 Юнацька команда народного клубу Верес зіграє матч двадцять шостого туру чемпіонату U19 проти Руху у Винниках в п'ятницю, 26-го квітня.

* * *

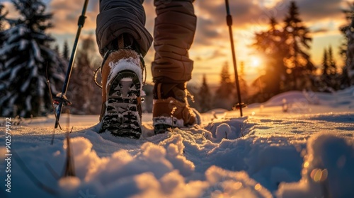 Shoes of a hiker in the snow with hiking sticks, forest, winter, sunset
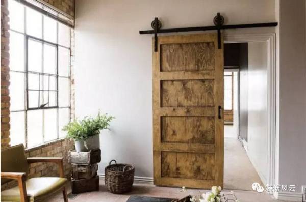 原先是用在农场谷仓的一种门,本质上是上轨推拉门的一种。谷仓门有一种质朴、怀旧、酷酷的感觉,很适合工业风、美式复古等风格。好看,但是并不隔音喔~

...

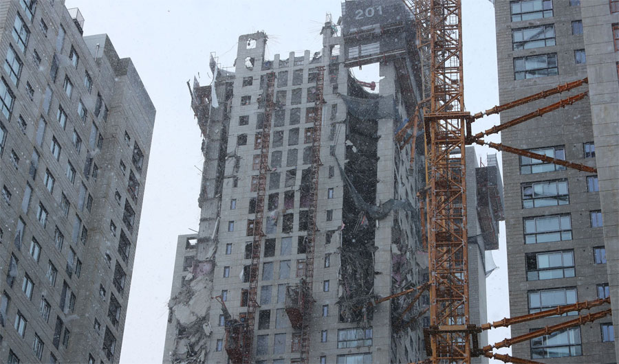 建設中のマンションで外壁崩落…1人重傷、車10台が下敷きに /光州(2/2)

* WORK REQUEST: Copy out the listing above from the line containing "Shoes of a hiker" to the line containing "原先是用在农场谷仓的一种门,本质上是上轨", both included, exactly as written and minus the images.

* TASK RESPONSE:
 Shoes of a hiker in the snow with hiking sticks, forest, winter, sunset
 原先是用在农场谷仓的一种门,本质上是上轨推拉门的一种。谷仓门有一种质朴、怀旧、酷酷的感觉,很适合工业风、美式复古等风格。好看,但是并不隔音喔~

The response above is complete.